The Orioles coaching staff had been so impressed by Ray's 2005 season that they were considering him their closer of the future. But, since the Orioles have had little success with rushing prospects into big league roles, they planned to ease Ray into the closer role sometime in . However, closer B.J. Ryan left the Orioles as a free agent to the Toronto Blue Jays, and the Orioles were unable to sign a closer on the free agent market to serve as a short term solution, causing Ray to be the Orioles' de facto closer.

====2006====
Ray became the full-time closer of Baltimore Orioles for the start of the season. Ray had a very successful first season as the closer for the O's. Ray compiled 33 saves with a 2.73 ERA and 51 strikeouts and allowed an opponent batting average of just .193. Given his success, the Orioles stuck with Ray as their closer for the 2007 regular season. However, his success would not carry over, resulting in a sub par year. During the 2007 season Ray's numbers dropped to 16 saves with a 4.43 ERA and 44 strikeouts.

====2007–2009====
Ray underwent Tommy John surgery on August 17, 2007. In August 2008, he made nine rehabilitation appearances in the minor leagues, but did not pitch for the Orioles during the season. In 2009, he made the Opening Day roster but posted an era of 7.27.

===Texas Rangers===
Ray was traded to the Texas Rangers on December 9, 2009 for Kevin Millwood. He had 35 appearances and an ERA of 3.40.

===San Francisco Giants===
Ray was traded to the San Francisco Giants, along with pitching prospect Michael Main, for Bengie Molina on June 30, 2010. Sportswriter Andrew Baggarly referred to Ray as the "fifth inning, runners on second and third with two outs" member of the bullpen. On December 2, the Giants non-tendered Ray, making him a free agent.

===Seattle Mariners===
Ray signed a minor league contract with the Seattle Mariners on January 25, 2011. The deal included an invitation to spring training. On August 1, Ray was placed on the 15-day disabled list with a strained right latissimus dorsi muscle. He was released on August 16.

===Cleveland Indians===
Ray attended spring training in 2012 with the Cleveland Indians as a non-roster invitee. Reassigned to minor league camp on March 30, Ray began the season pitching in the Triple-A Columbus Clippers' opening game on April 5. Ray was released by the Indians on July 7.

===Oakland Athletics===
On July 13, 2012, Ray signed a minor league contract with the Oakland Athletics and was assigned to the Triple-A Sacramento River Cats. He was released on July 26. In the 2012–2013 offseason, Ray retired from professional baseball.

==Personal life==
Ray and his wife have two children. Ray said in March 2013 that he was retired from baseball.

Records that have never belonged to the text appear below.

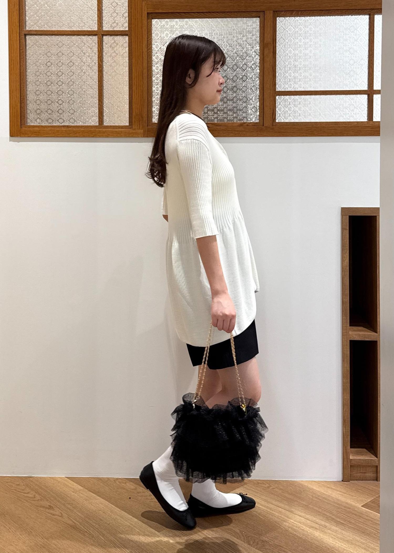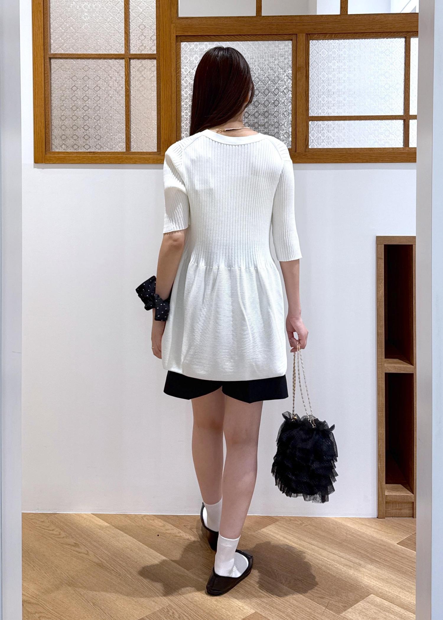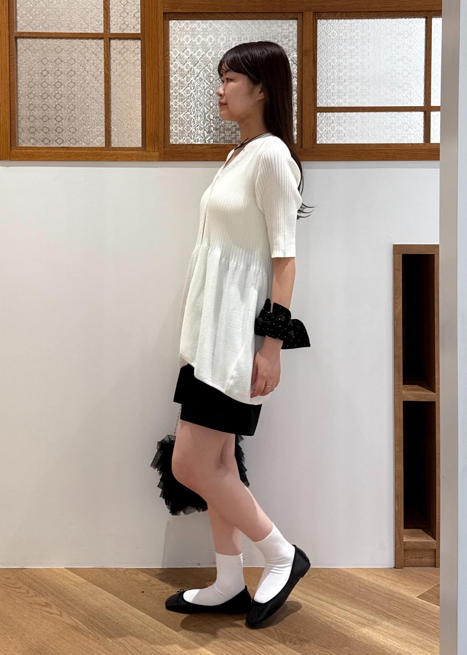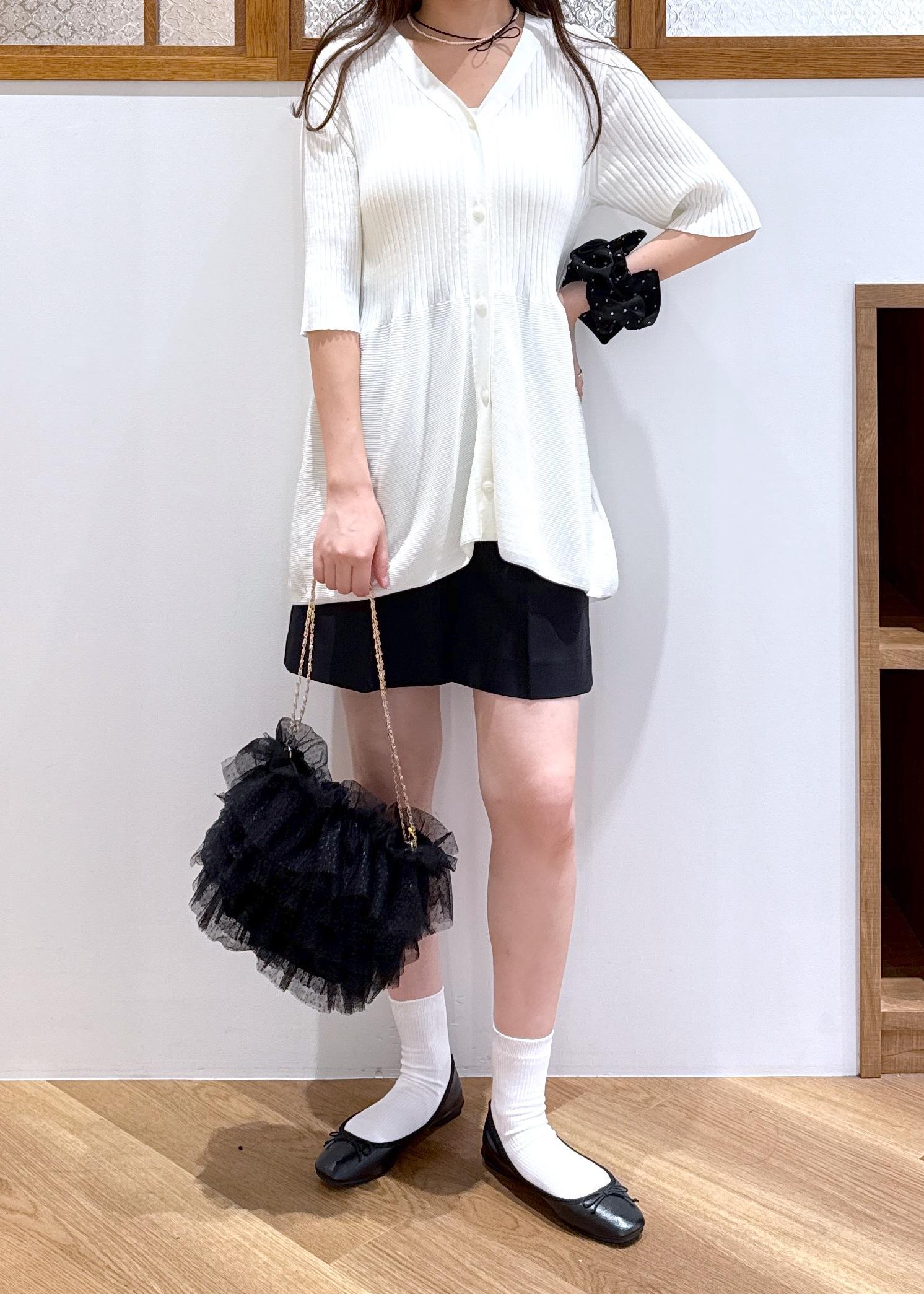 トレンド感のあるペプラムシルエットのカーディガンにショートパンツを合わせ、ヘルシーな肌見せを意識してみました。
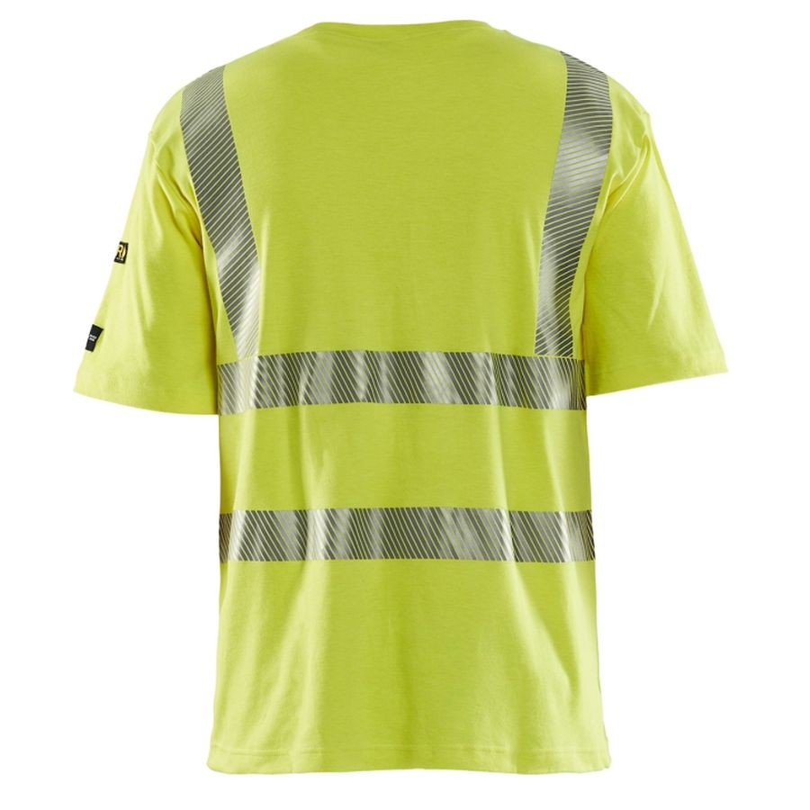 Mit dem Blåkläder Multinorm T-Shirt 34801737 bekommst du ein professionelles Schutzshirt für Einsätze, in denen Warnschutz, Flammschutz und antistatische Eigenschaften gleichzeitig gefragt sind. Das Multinorm-Shirt ist bewusst aus einem dünneren, inhärenten Material gefertigt – dadurch trägt sich das Blakläder 34801737 Multinorm T-Shirt spürbar luftiger, bleibt aber konsequent auf Schutzleistung ausgelegt. Gerade im Arbeitsalltag macht der Komfort den Unterschied: Die segmentierten Transfer-Reflektoren sorgen für hohe Sichtbarkeit, ohne steif zu wirken – du profitierst von mehr Bewegungsfreiheit und einem angenehmeren Tragegefühl, auch wenn du das Shirt über viele Stunden trägst. Dazu kommen praktische Details wie der Rundhalsausschnitt sowie außenliegende Zertifizierungsetiketten, die Kontrollen und Dokumentation erleichtern. Das Blåkläder Multinorm T-Shirt 34801737 (3300) ist als Warnschutzshirt zertifiziert nach EN ISO 20471 Klasse 2 (Zertifizierungsgruppe A, max. 50 Waschgänge) und erfüllt zudem die Anforderungen an Antistatik (EN 1149-5) sowie Flammhemmung (EN ISO 14116, Index 3). Zusätzlich ist ein UV-Schutz integriert (EN 13758-2, UPF 40+) – ideal, wenn du viel im Freien arbeitest.
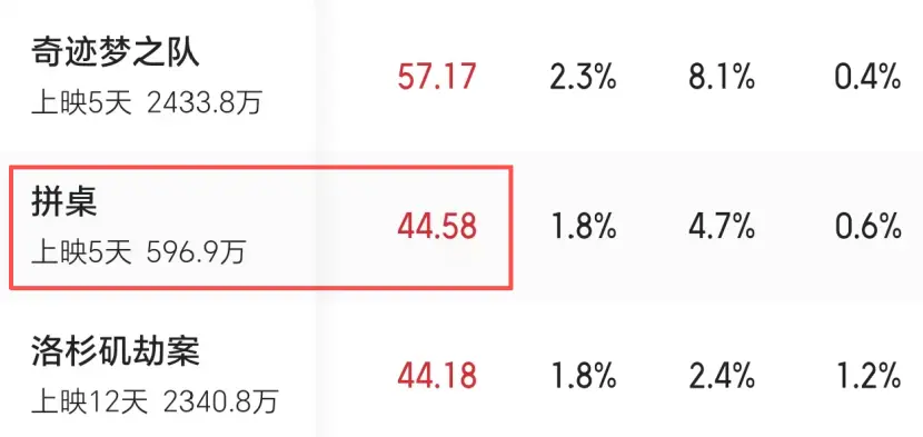本以为在演员有吸引力,再加上同档期“能打”的新片不多的情况下,《拼桌》怎么都能顺势小爆一波。
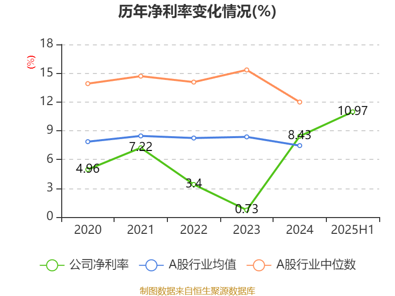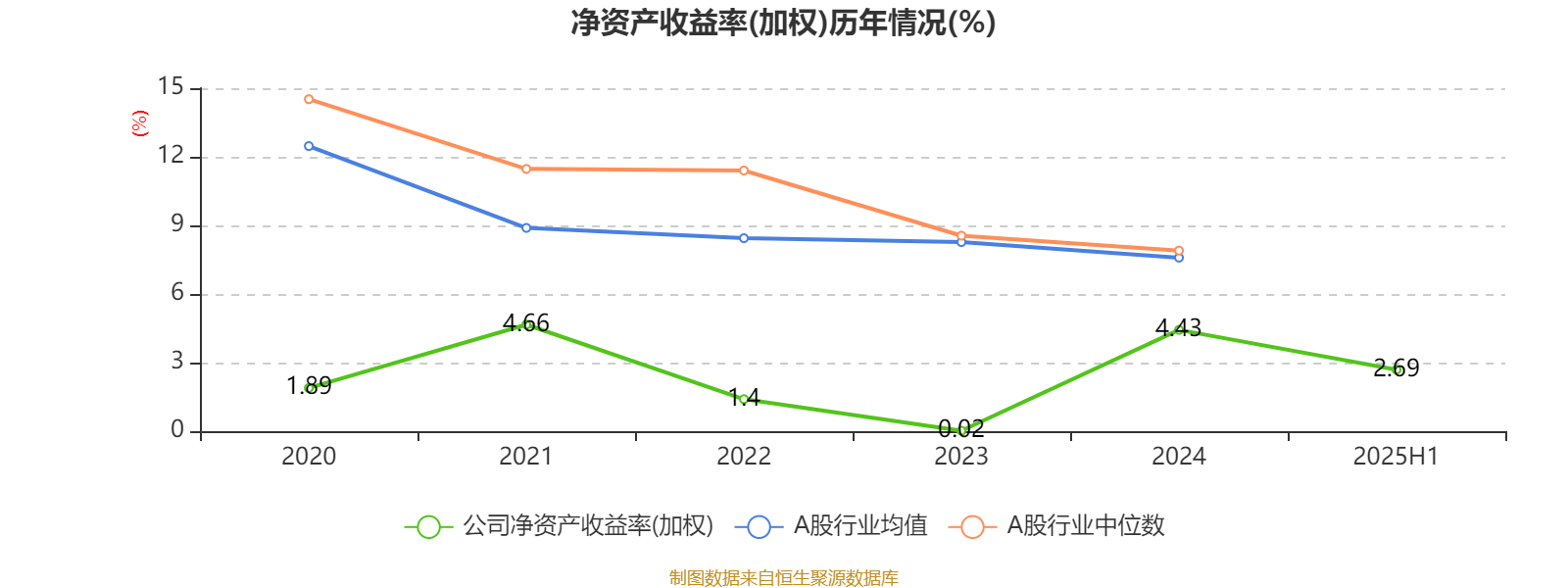 2025年上半年,公司平均净资产收益率为2.69%,较上年同期上升1.15个百分点。
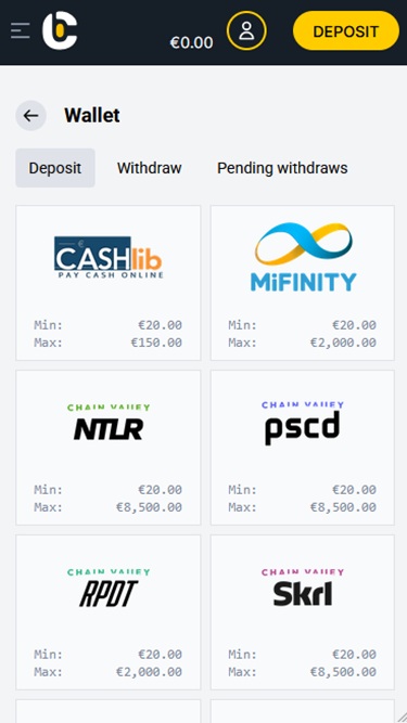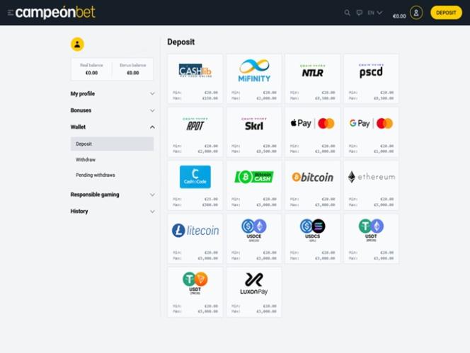 CampeonBetの銀行システムは十分に整備されており、Jeton、Visa、ecoPayz、MasterCard、Sofort、Multibanco、Skrill、Netellerによる入金・出金に対応しています。すべての出金は12時間以内に処理され、銀行オプションに関連する手数料はかかりません。
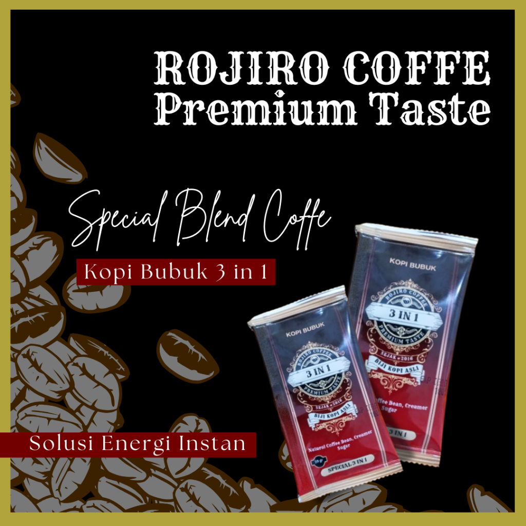 Kopi 3in1 Rojiro Coffee merupakan kopi instan unggulan dari Rojiro Coffee.
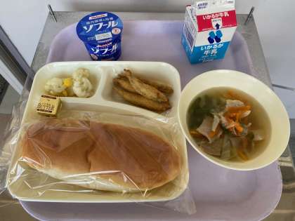 今日のメニューは、わかさぎフライ、スープ、カリフラワーとコーンのサラダ、ヨーグルト、パン、牛乳でした。
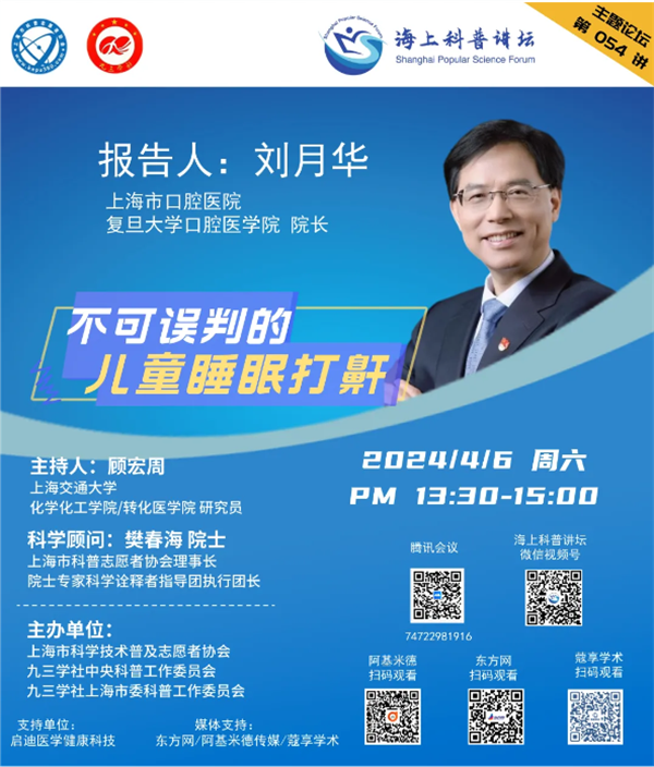 本周六,上海市口腔医院·复旦大学附属口腔医院院长刘月华将带来报告《不可误判的儿童睡眠打鼾》。他的研究团队多年来聚焦牙颌面发育畸形在睡眠呼吸障碍发生发展中的机制,揭示了该疾病不同年龄阶段患者特有的牙颌面三维形态特征,提出了“硬组织拓展引导软组织缩减”的多学科早期防治策略;并采用流行病学、表型组学、多中心随机对照临床试验等一系列研究方法,开展疾病的预警体系、治疗决策及个性化多学科诊疗体系建设的临床创新及转化研究,充分论证牙颌面发育畸形在睡眠呼吸障碍中的重要作用。

In November 2012, Ray, his brother, and their families opened a craft brewery in Ashland, Virginia, Center Of The Universe Brewing. Ray had been an avid homebrewer and released a collaborative charity beer with Fremont Brewing Company in July 2011, benefiting Operation Homefront. Named Homefront IPA, it was sold at Safeco Field, Fremont's brewery, and various stores in the Seattle area. In 2013. Homefront IPA was collaboratively produced by nine breweries from all over the country, including Center of the Universe Brewing. In 2014 eleven breweries were involved.